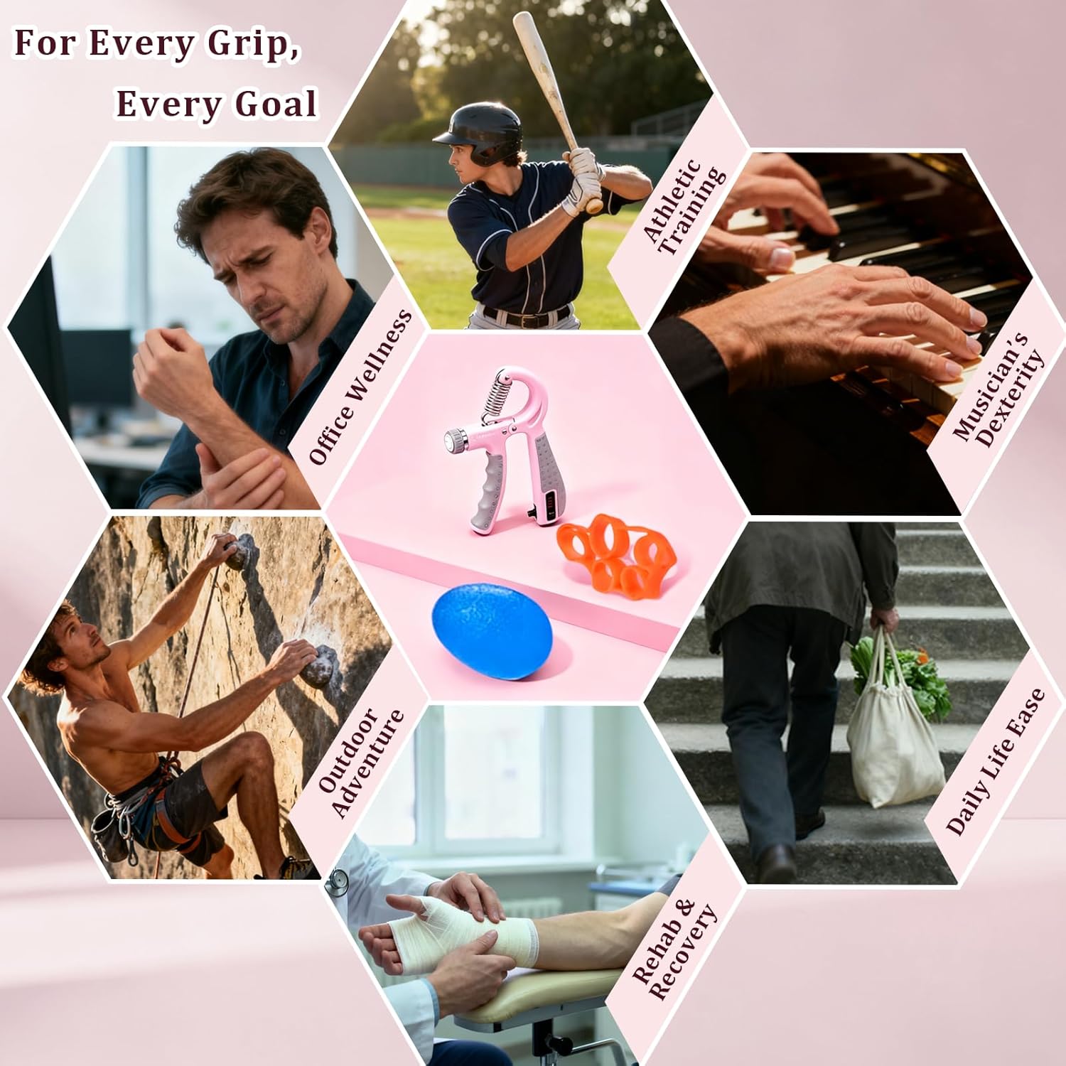 🎯 Boost Sports & Music Performance – Increase grip power for weightlifting (hold heavier weights), climbing (grip rocks/holds longer), tennis/golf (better racket/club control), boxing; improve finger dexterity for guitar/piano/drums (faster, more precise movements).
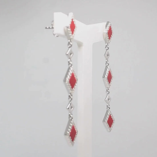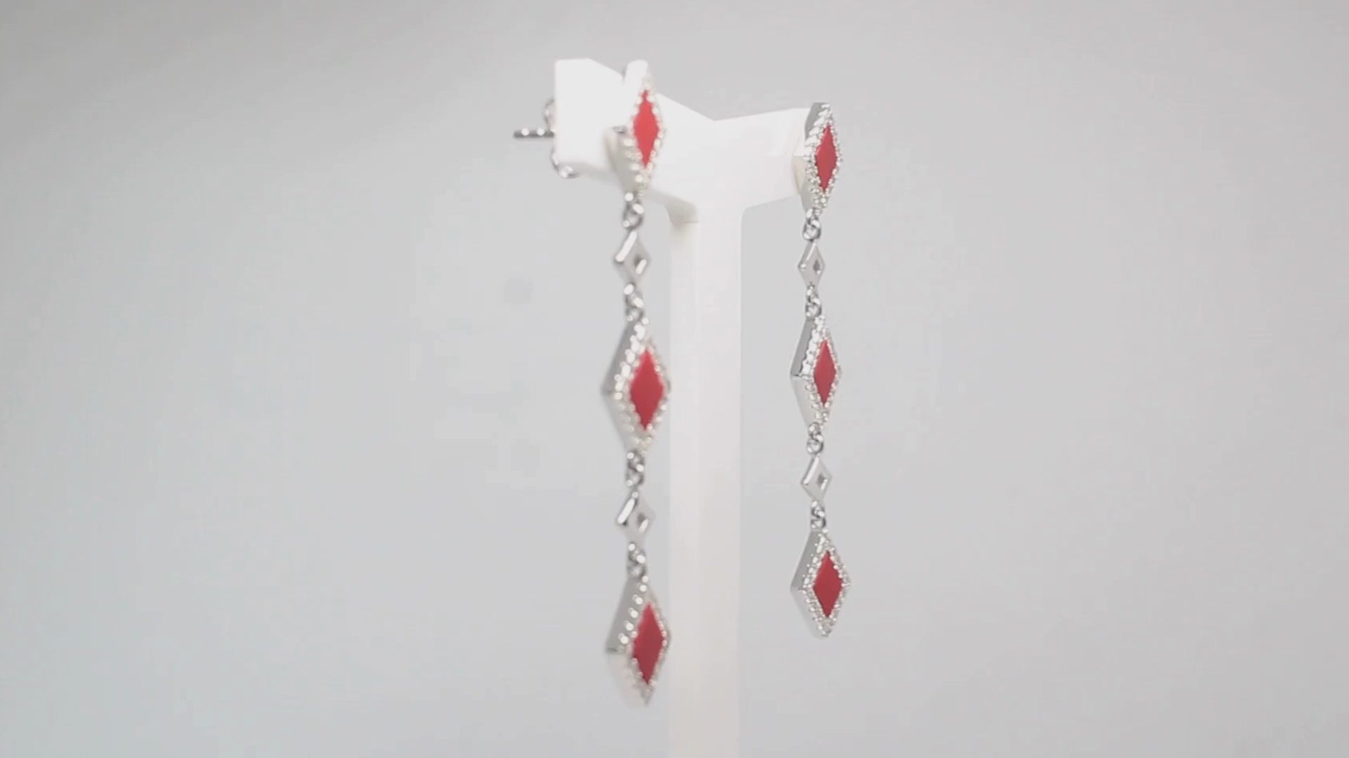 Eleganti orecchini pendenti dal design a rombi smaltati in un acceso rosso fuoco, realizzati in argento 925%. Arricchiti da luminose pietre Duraliti bianche, conferiscono un tocco di raffinatezza e brillantezza senza pari. La chiusura a farfallina garantisce comfort e sicurezza, perfetti per chi cerca un accessorio sofisticato da indossare in ogni occasione. Venduti in coppia per un look impeccabile.
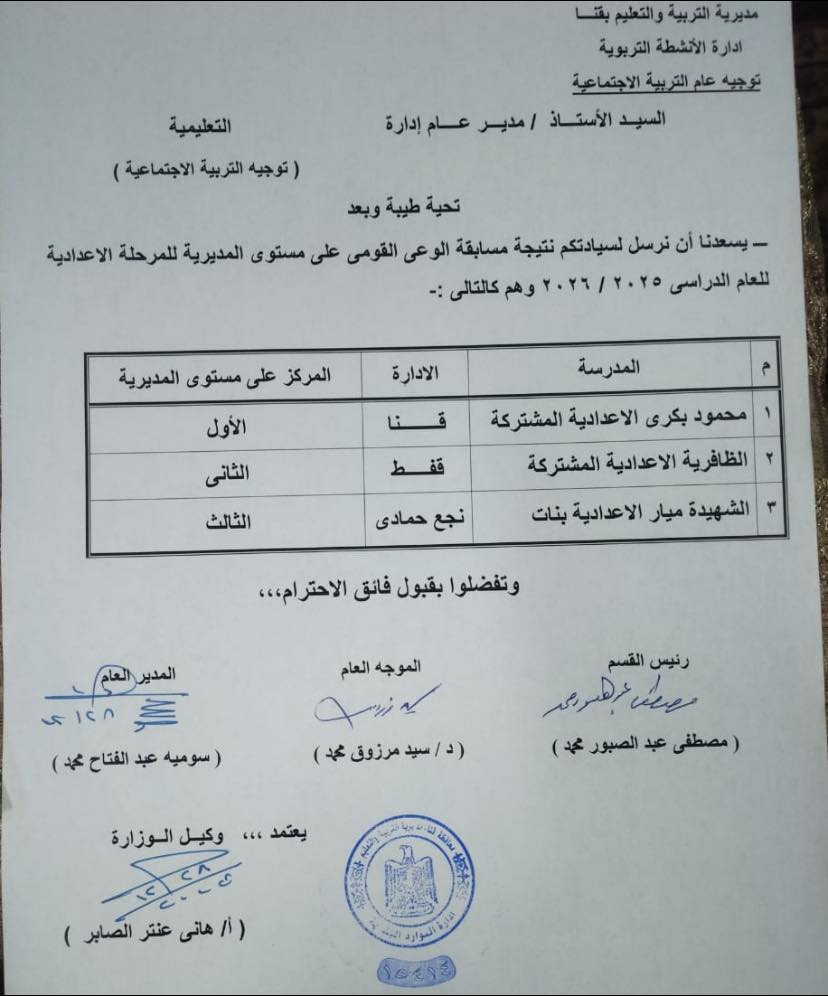 أعلنت مديرية التربية والتعليم بقن، ا نتيجة مسابقة الوعى القومى والاجتماعى لطلاب المرحلة الإعدادية والتى نظمها التوجيه العام للتربية الاجتماعية والاتحادات الطلابية ، بإشراف سوميه عبدالفتاح، مدير عام الشئون التنفيذية، وتنفيذ الدكتور سيد مرزوق، موجه عام التربية الإجتماعية على مستوى المديرية للعام الدراسى 2025-2026 م
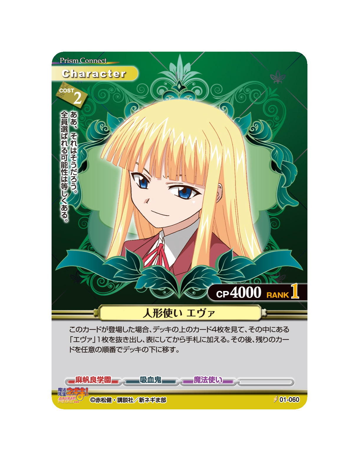 このカードが登場した場合、デッキの上のカード4枚を見て、その中にある「エヴァ」1枚を抜き出し、表にしてから手札に加える。その後、残りのカードを任意の順番でデッキの下に移す。
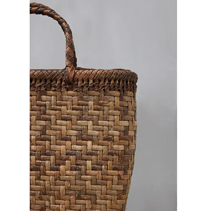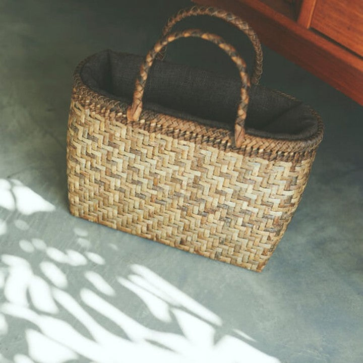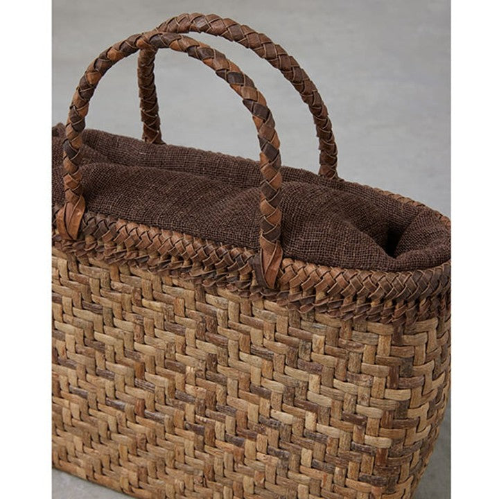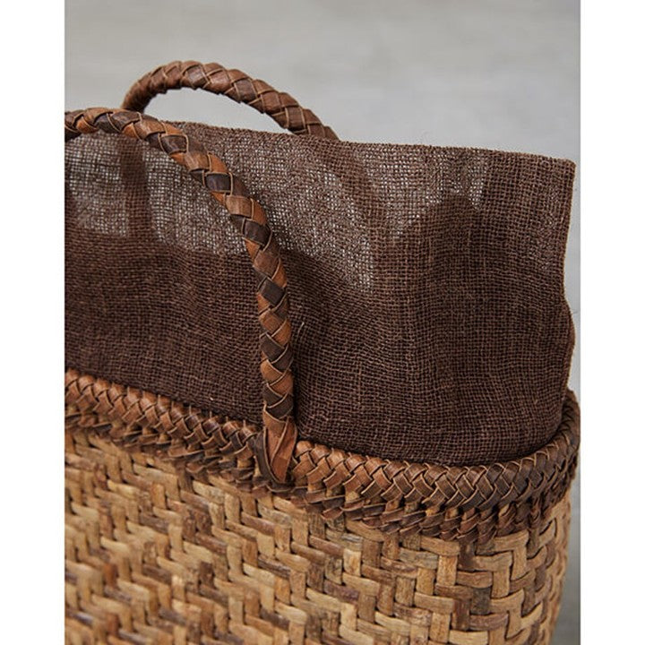 群馬県赤城山、武尊山、皇海山の山奥に自生する良質の自然素材を一本一本丁寧に編んで作られたくるみのかごバッグ。全て手作りのため、一つ一つの出来上がりの表情が異なっています。胡桃皮で編み上げられた籠は使用とともにしなやかさを増し、色は濡羽色に深みを帯びてきます。
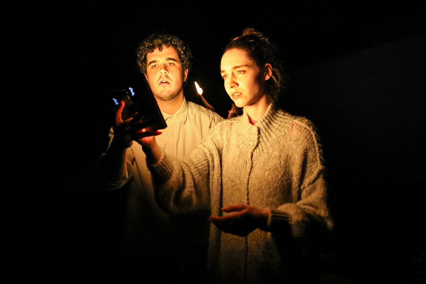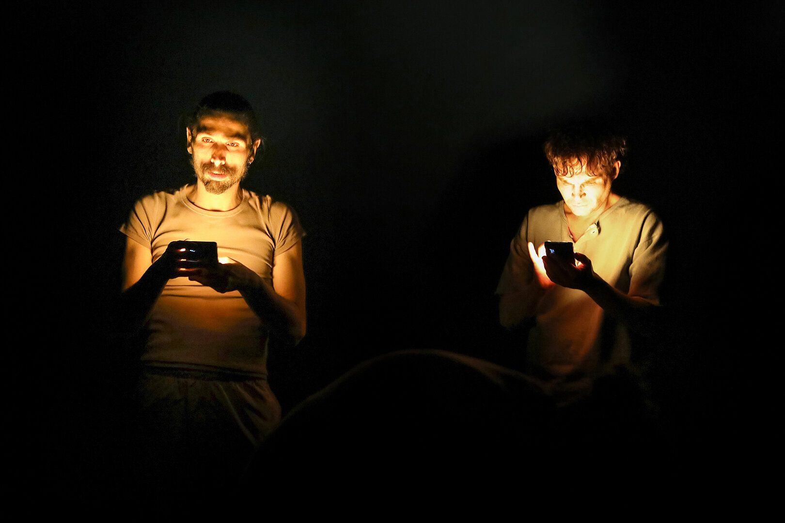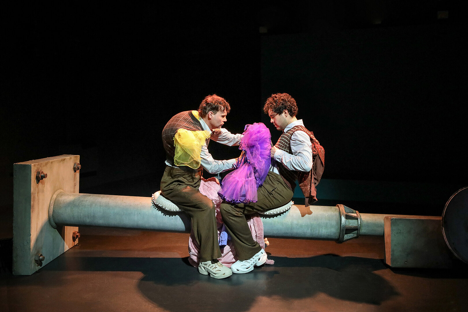 Der Abend schafft immer wieder starke Bilder, zum Beispiel wenn sich Rafael-Evitan Grombelka und Roberto Romeo gegenüber sitzen in altmodisch gemusterten Pullundern, unter die sie sich andere Kleidungsstücke stopfen, sodass sie zu ausgepolsterten Biederfiguren werden, zuweilen wie ein siamesischer Zwilling. Romeo spricht von Familienverhältnissen, Grombelka gebärdet.
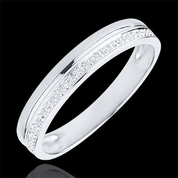 Pasek z białego złota łączy się z paskiem z białego złota poddanym obróbce na wzór diamentu w eleganckiej i ponadczasowej odsłonie.
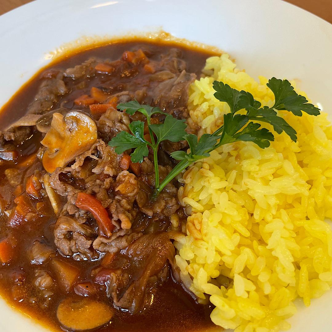 ハッシュドビーフも市販のルーは使わずに野菜とお肉の旨みでシンプルに美味。

###

### WHAT IS BEING ASKED
Retype the line containing "Pasek z białego" and each line after it through the last line of the entries above, exactly, with no pictures and nothing else.

### OUTPUT BELOW
 Pasek z białego złota łączy się z paskiem z białego złota poddanym obróbce na wzór diamentu w eleganckiej i ponadczasowej odsłonie.
 ハッシュドビーフも市販のルーは使わずに野菜とお肉の旨みでシンプルに美味。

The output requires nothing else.